My DC doesn't know, but doesn't believe so, rather that they were silly, naive, and got swept into something that they shouldn't.
Then at the very least you might ask the question "so what is a degree in History at the University of Warwick teaching in terms of graduate skills of critical thinking?"
It's been noted in the past that one interesting thing about terrorists who have degrees is that they are almost always STEM, and even the Unabomber (Maths) is something of an outlier. The interesting thing in this case and the related cases at Exeter and St Andrews is that with one exception it's all non-STEM: law at Exeter, History at Warwick, English (and other things, it's slightly hard to tell, but it doesn't look like STEM) at St Andrews. The exception is the ringleader at St Andrews being Maths, but that case is slightly different to the other two: the motive seems more personal and there isn't (not that it makes it any better) the same air of wide-ranging misanthropy.
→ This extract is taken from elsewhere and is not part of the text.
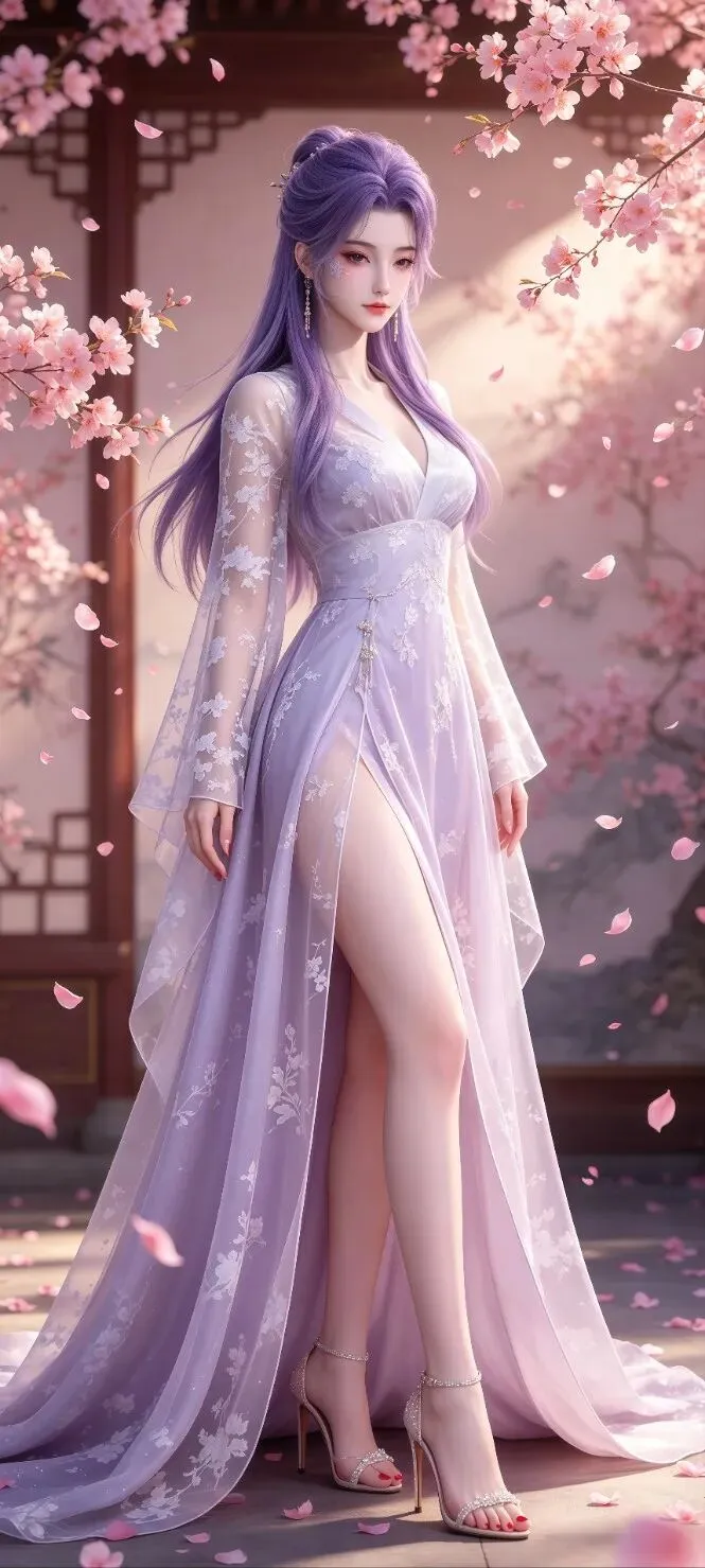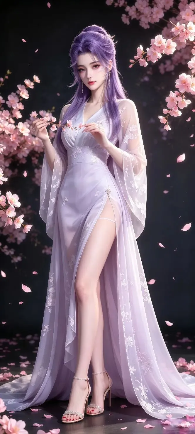 这组壁纸最动人的地方,莫过于藏在画面里的无数匠心细节,足以让每一个细节爱好者感受到满满的诚意。角色的面部刻画精准贴合云霄仙子的人设,清透的底妆衬得肌肤自带柔光质感,紫调的眼妆与瞳色完美呼应,眼波流转间既有不食人间烟火的清冷,又藏着东方女性独有的温婉柔情,眼下的云纹鎏金装饰,更是将国风元素与仙侠妆造完美结合,既不突兀又成了画面的点睛之笔。从耳畔流苏垂坠的精致耳饰,到指尖带着细闪的美甲造型,每一处配饰细节都打磨得恰到好处,半透的纱质衣袖上,暗纹印花细腻清晰,薄纱的通透质感与光影的折射效果被刻画得淋漓尽致,就连飘落的每一片花瓣,都有着自然的纹理与灵动的动态感,每一处细节都经得起放大细看,尽显国漫制作团队的细腻功底与审美追求。

If you were doing a factor analysis, I'd put money on the dominating characteristics being "Privately educated" and "A Level History". Which is a PhD in itself.
These are all courses in which men are in a minority, so it's not that they are being somehow egged on by the overwhelmingly male environment they find themselves in. Most of them are conventionally good looking men, well-dressed, looking confidently into the camera, and they are in hugely female-dominated courses in hugely female-dominated universities (Warwick is slightly STEM-ier than Exeter and St Andrews, but they're none of them Herriot Watt, are they?) It's not like a rogues' gallery of Incels, fresh from basements, which is what makes them more terrifying.
Hideous people, and their psychopathy would be very interesting if anyone had the stomach to study it.